While most major pistols made before the 1930s had some type of shoulder stock available as an option, the Luger had much more variety of stocks than most others. In addition to the several types of wooden stocks made on military contract, there were also several commercial types of folding stocks made. One of these was the Benke-Thiemann, originally designed by Hungarian Josef von Benke and improved by Georg Thiemann.

This stock was made of sheet metal stampings, and attached by replacing the grip panels of a Luger pistol. When folded, the stock added remarkably little size to the gun, and could still be fired, albeit with a somewhat awkward grip. This was done by cleverly designing the stock to consist of two layers of material which overlaid each other when folded, but then could be held end to end when extended, providing a stock of surprisingly usable length and sturdiness. A single spring-loaded latch was employed to lock the stock in both the folded and extended position.

Ultimately the stock failed to be a commercial success, probably due to costs and worldwide economics in the 1920s when it was developed. Only a few hundred were made, although the serial numbers all have leading zeroes to accommodate an anticipated production in the tens of thousands.

24 Comments

  1. That’s quite an interesting contraption — I wonder how much weight it adds? It looks like this would be ideally suited for a small handed person. It’s odd that this Luger-carbine was given the smallest possible barrel length available.

    “Ultimately the stock failed to be a commercial success, probably due to costs and worldwide economics in the 1920s”

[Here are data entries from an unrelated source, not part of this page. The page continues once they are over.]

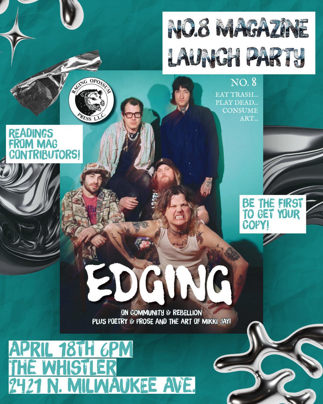 I design the quarterly magazines at Raging Possum Press, featuring poetry, prose, visual art, and features on local musicians. Take a look at a sample of our most recent work here:
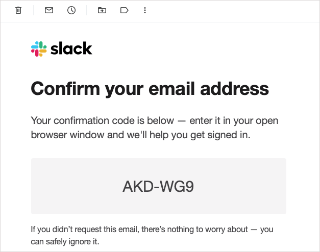 - Check your inbox for an email from Slack containing a confirmation code. If you don’t see the email, be sure to check your spam or junk folder.
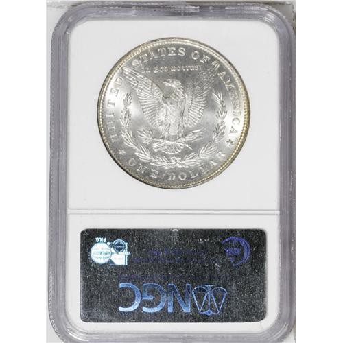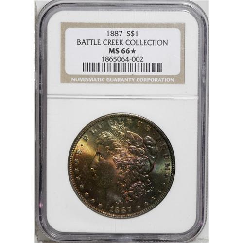 <B>1887<img border='0' src='http://www.heritagecoins.com/images/star.gif' width=10 height=10>$1> MS66 <img border='0' src='http://www.heritagecoins.com/images/star.gif' width=10 height=10> NGC.</B></I> Ex: Battle Creek Collection. In Premium Gem with Star, this coin's grade, NGC has seen 43 specimens, and a mere four finer with Star (7/06). Highly lustrous surfaces are toned in medium aqua-green, crimson, purple, and yellow-gold, and the design is bold.

    The US economy was of course booming in the 1920s — and the “gun economy” especially so, with Prohibition creating an explosion of demand by both the good guys and the bad guys. It’s too bad that stocked pistols never got popular enough to achieve any sort of critical mass before 1934.

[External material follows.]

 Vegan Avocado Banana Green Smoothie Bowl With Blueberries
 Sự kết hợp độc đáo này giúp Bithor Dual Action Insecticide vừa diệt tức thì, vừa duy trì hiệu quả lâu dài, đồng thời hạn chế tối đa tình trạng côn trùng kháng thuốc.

    • Although some sectors of the U.S. economy experienced the “Roaring Twenties” the arms manufacturing sector wasn’t one of them.

      Large scale production capacity increases during wartime lead to some real economic struggles for U.S. firearms manufacturers post-war. This didn’t really turn around until the ramp-up to the “war economy” that took over for the next “great war” and by that time many of the companies had actually changed hands due to bankruptcy during the “Great Depression.”

      • That seems to be the sad reality of most any arms maker, a boom & bust business cycle whenever the country enters and exits a major war. Though the wind-down of the 21st century Iraq and Afghanistan wars coincided with a major (civilian driven) gun-buying frenzy, a reverse of the “normal” rules.

        I’ve not been able to find any kind of pistol production or sales figures during the time period around the 1920s (an economic activity which these days is generally measured by the number of background checks of potential buyers), but I did find out that the prison population rose substantially in the 1920s, as did the manufacture of handcuffs. I would speculate that more people were probably arming themselves as well during the “roaring” ’20’s, but that’s just a guess.

  2. “designed by Hungarian Josef von Benke and improved by Georg Thiemann.”
    I don’t know Magyar, but maybe someone will be able to find patent for that stock, if it was patented in Hungary.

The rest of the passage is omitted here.